▸ **Dataset**:
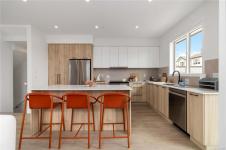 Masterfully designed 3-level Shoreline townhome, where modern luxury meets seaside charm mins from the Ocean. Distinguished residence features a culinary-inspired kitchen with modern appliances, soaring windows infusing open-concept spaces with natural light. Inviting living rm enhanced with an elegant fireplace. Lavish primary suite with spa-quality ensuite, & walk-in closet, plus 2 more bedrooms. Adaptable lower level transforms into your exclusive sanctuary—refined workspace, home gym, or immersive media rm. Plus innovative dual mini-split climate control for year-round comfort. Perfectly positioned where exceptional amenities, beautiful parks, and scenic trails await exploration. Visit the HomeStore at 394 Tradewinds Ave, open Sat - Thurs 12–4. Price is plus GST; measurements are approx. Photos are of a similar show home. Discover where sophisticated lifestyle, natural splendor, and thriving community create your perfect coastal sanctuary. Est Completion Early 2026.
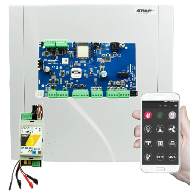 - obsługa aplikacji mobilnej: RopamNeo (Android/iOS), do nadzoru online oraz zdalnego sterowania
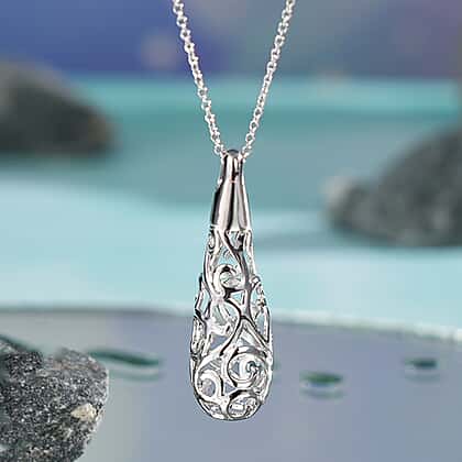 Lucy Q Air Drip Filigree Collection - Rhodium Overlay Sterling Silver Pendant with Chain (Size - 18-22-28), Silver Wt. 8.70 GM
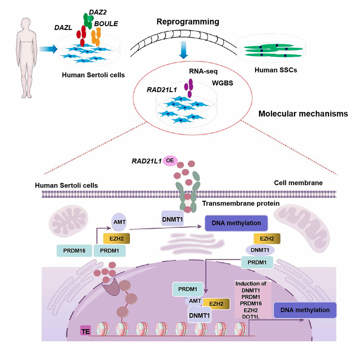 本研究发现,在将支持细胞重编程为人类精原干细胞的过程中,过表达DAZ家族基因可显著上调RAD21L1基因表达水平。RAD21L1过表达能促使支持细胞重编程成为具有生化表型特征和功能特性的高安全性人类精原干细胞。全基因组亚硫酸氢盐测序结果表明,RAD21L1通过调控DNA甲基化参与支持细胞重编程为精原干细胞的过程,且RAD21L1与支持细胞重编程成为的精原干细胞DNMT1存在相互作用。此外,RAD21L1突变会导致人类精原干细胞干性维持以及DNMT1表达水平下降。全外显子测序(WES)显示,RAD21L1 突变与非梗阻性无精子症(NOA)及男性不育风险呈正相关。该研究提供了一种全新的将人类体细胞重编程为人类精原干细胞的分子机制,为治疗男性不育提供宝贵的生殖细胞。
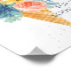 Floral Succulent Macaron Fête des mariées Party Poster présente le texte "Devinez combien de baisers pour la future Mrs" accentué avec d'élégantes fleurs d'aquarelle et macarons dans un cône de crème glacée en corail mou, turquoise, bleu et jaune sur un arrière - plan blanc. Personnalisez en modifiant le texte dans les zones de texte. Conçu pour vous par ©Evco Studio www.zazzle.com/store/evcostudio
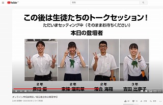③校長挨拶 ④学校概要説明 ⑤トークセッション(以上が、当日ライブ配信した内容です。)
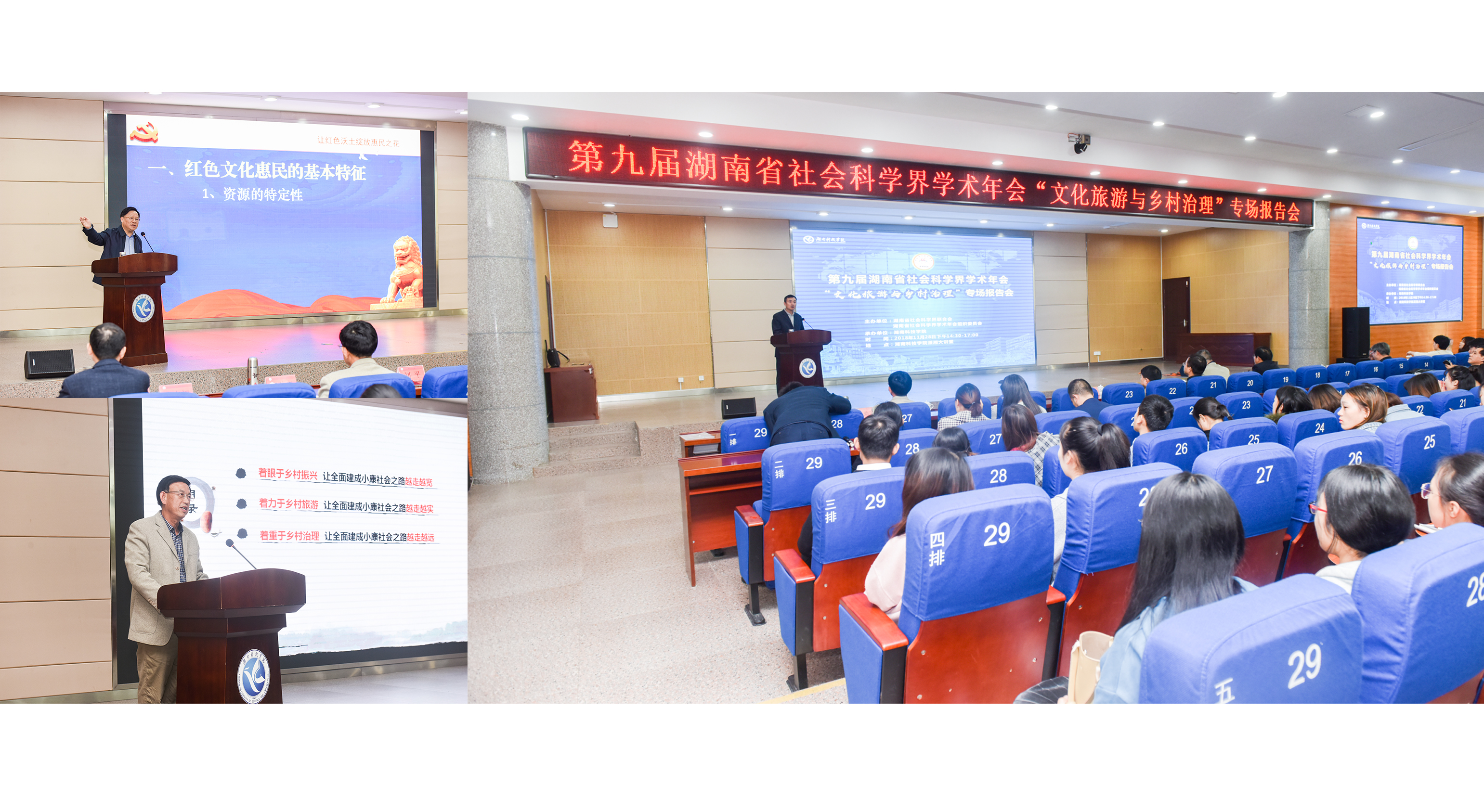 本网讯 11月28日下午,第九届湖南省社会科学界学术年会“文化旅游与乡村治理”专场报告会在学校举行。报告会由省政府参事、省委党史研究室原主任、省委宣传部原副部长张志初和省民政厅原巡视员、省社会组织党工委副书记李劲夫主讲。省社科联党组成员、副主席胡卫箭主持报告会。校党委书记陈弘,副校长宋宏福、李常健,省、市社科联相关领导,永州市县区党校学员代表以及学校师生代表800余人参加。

---

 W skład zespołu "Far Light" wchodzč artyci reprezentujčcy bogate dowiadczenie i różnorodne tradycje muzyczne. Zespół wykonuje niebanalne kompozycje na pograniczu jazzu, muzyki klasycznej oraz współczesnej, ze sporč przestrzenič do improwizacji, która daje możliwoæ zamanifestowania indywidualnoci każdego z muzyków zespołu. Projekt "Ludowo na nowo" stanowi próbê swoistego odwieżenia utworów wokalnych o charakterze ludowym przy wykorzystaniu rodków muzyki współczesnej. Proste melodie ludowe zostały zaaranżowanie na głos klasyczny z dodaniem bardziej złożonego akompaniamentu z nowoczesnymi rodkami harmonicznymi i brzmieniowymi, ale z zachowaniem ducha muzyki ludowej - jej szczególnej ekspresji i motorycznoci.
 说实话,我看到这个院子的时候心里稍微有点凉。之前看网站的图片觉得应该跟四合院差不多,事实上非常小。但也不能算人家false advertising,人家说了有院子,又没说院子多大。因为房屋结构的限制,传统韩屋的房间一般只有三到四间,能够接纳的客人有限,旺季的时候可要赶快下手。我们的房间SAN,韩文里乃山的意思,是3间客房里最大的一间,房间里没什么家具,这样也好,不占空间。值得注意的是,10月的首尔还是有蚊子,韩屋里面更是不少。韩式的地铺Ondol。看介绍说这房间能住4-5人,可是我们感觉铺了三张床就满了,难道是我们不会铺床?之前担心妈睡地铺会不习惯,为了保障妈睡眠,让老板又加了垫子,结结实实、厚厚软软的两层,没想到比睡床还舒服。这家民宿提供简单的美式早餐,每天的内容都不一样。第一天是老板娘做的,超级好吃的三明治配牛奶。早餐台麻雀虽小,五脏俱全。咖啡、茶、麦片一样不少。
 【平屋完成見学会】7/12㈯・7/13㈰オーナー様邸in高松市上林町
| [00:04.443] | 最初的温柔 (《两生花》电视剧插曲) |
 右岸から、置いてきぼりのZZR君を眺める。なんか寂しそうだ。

▸ **Exercise description**: Output, from the data above, the lines from the line with "说实话,我看到这个院子的时候" to the line with "右岸から、置いてきぼりのZZR君を眺める。なんか寂しそうだ。" exactly as they stand, both ends included and nothing else.

▸ **Solution below**:
 说实话,我看到这个院子的时候心里稍微有点凉。之前看网站的图片觉得应该跟四合院差不多,事实上非常小。但也不能算人家false advertising,人家说了有院子,又没说院子多大。因为房屋结构的限制,传统韩屋的房间一般只有三到四间,能够接纳的客人有限,旺季的时候可要赶快下手。我们的房间SAN,韩文里乃山的意思,是3间客房里最大的一间,房间里没什么家具,这样也好,不占空间。值得注意的是,10月的首尔还是有蚊子,韩屋里面更是不少。韩式的地铺Ondol。看介绍说这房间能住4-5人,可是我们感觉铺了三张床就满了,难道是我们不会铺床?之前担心妈睡地铺会不习惯,为了保障妈睡眠,让老板又加了垫子,结结实实、厚厚软软的两层,没想到比睡床还舒服。这家民宿提供简单的美式早餐,每天的内容都不一样。第一天是老板娘做的,超级好吃的三明治配牛奶。早餐台麻雀虽小,五脏俱全。咖啡、茶、麦片一样不少。
 【平屋完成見学会】7/12㈯・7/13㈰オーナー様邸in高松市上林町
| [00:04.443] | 最初的温柔 (《两生花》电视剧插曲) |
 右岸から、置いてきぼりのZZR君を眺める。なんか寂しそうだ。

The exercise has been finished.